After several years, Ann Cleeves has brought back DI Jimmy Perez!
DI Perez has left Shetland and settled into his new home in the Orkney Islands, with his partner in crime and in life, Willow Reeves, and they’re expecting a baby. After a wild storm, Archie Stout, a local personality and Perez’s childhood friend, is found bludgeoned to death, and the clues seem to link to the local museum. Perez finds it hard to stop his feelings clouding his logic, but Reeves is on hand to keep things by the book.
This book is both the 9th book in the Shetland series and the 1st in a new series featuring Perez and Reeves solving crimes together. The story shifts between the two of them, in two plot threads, where each is in a different part of the Orkney’s doing different aspects of the job. I liked this as a way of structuring the story and it sets it apart from other of Ann Cleeves series. I’ve watched the Shetland TV series and I enjoyed it, and I thought I’d read one of the books in this series before, but I realise that I haven’t!
Of course, Ann Cleeves is an old hand at detective stories by this point, and her different series are all very popular. She captures a sense of place really well. Of landscape and climate, but also of locality and way of life: the way people speak and think in these places, of the smallness of the community. This book is set on Westray, a small island of generational farmers and fishermen, a very close knit community, just before Christmas. It’s a wild, remote landscape, and Winter itself becomes a bit of a key player here. The ancient landscape lends itself well to a story that has an archeological bent to it and old local traditions and knowledge.
The plot is very detailed and twisty.
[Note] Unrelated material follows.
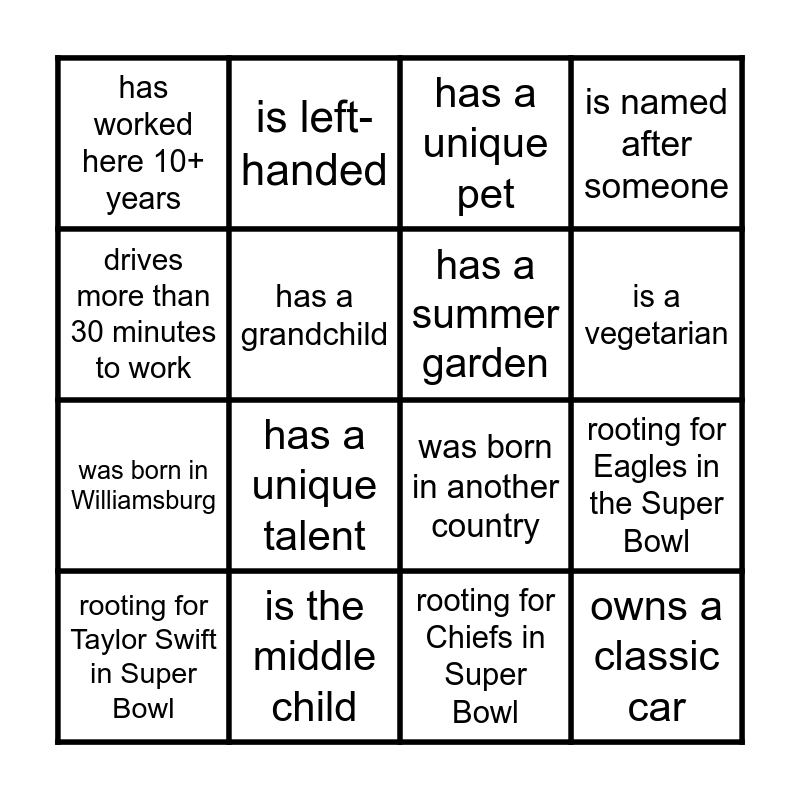 This bingo card has 16 words: is the middle child, rooting for Eagles in the Super Bowl, has a unique pet, has worked here 10+ years, was born in Williamsburg, is left-handed, was born in another country, rooting for Chiefs in Super Bowl, drives more than 30 minutes to work, has a grandchild, rooting for Taylor Swift in Super Bowl, is named after someone, has a unique talent, is a vegetarian, has a summer garden and owns a classic car.
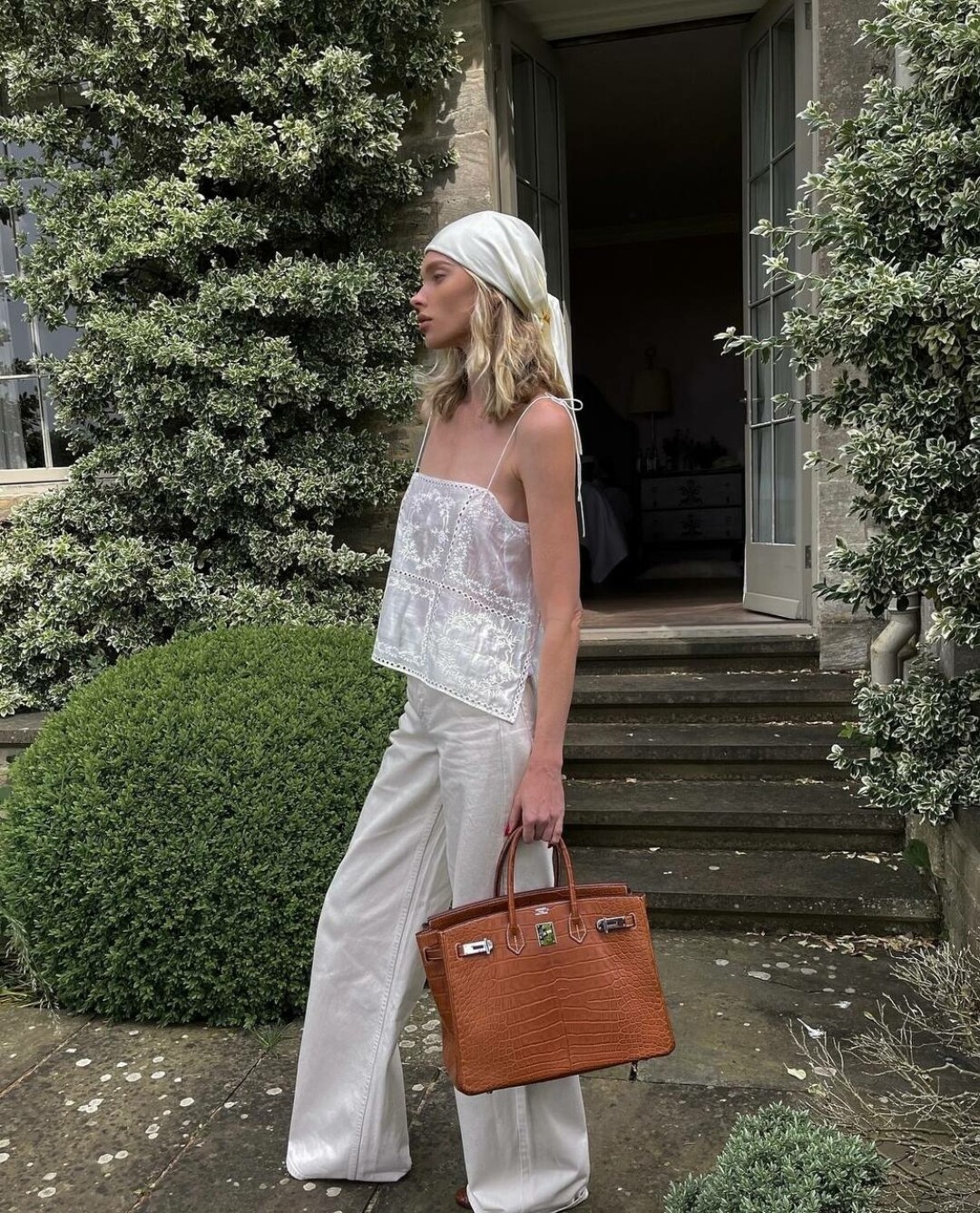 Икона стиля Леандра Медин выгуливает платок в тотал-луке из денима вместе с трендовыми капри, инфлюэнсер Камиль Роу примеряла образ babushka и повязала косынку под подбородком в тандеме с кардиганом-кроше, а актриса Хантер Шафер вышла на каннскую дорожку в костюме фэшн-селянки (в лучшем смысле слова!). Берем пример и носим платки всюду — от бассейнов «Охта Парка» до террасы «Сада» и бурлеск-вечеринок в «Шуме».

Each time the story takes us one direction, we’re stymied by some new development that means that we’ve just been fed another red herring. I really liked this, and enjoyed sinking into this story, but the problem comes at the end: it seems that the author has painted herself into a corner, who can the killer be? It seems very out of left field when we find out. Without giving anything away, it feels like the author has just picked someone and shoe horned it in. It’s a character we know almost nothing about and you couldn’t have known it was them from clues left in the book. Their motive feels like a current social concern, rather than something built into the book. It felt odd and a bit disappointing.
Also, the issue at the core of the ending, the reason the person did it, feels really oddly handled. Perez feels sad about the ending, because it’s a person he knows, and the attitude seems to be that the person is just misguided in some way. There’s no horror about the impact on the victims and how what they did was actually really disturbing. For him to do what he does, he would have to be a sociopath.
I also was left wondering why Perez liked Archie. They have completely different morals and values, and while I do understand they were thrown together growing up because it’s a small village, etc, but by the end, you realise Archie was a bit of a creeper and incredibly selfish. The friendship makes no sense.
On the whole, the book was entertaining through the main part of it, but the ending was weak and felt tacked on or like the author couldn’t figure out an ending that worked. Not Cleeves best book, but still nice to have Perez back.
Read It If: you’ve been missing Det Perez or are a Cleeves fan. It’s not bad overall, but the ending doesn’t work.
Thank you to PGC Books for the ARC of this book for review.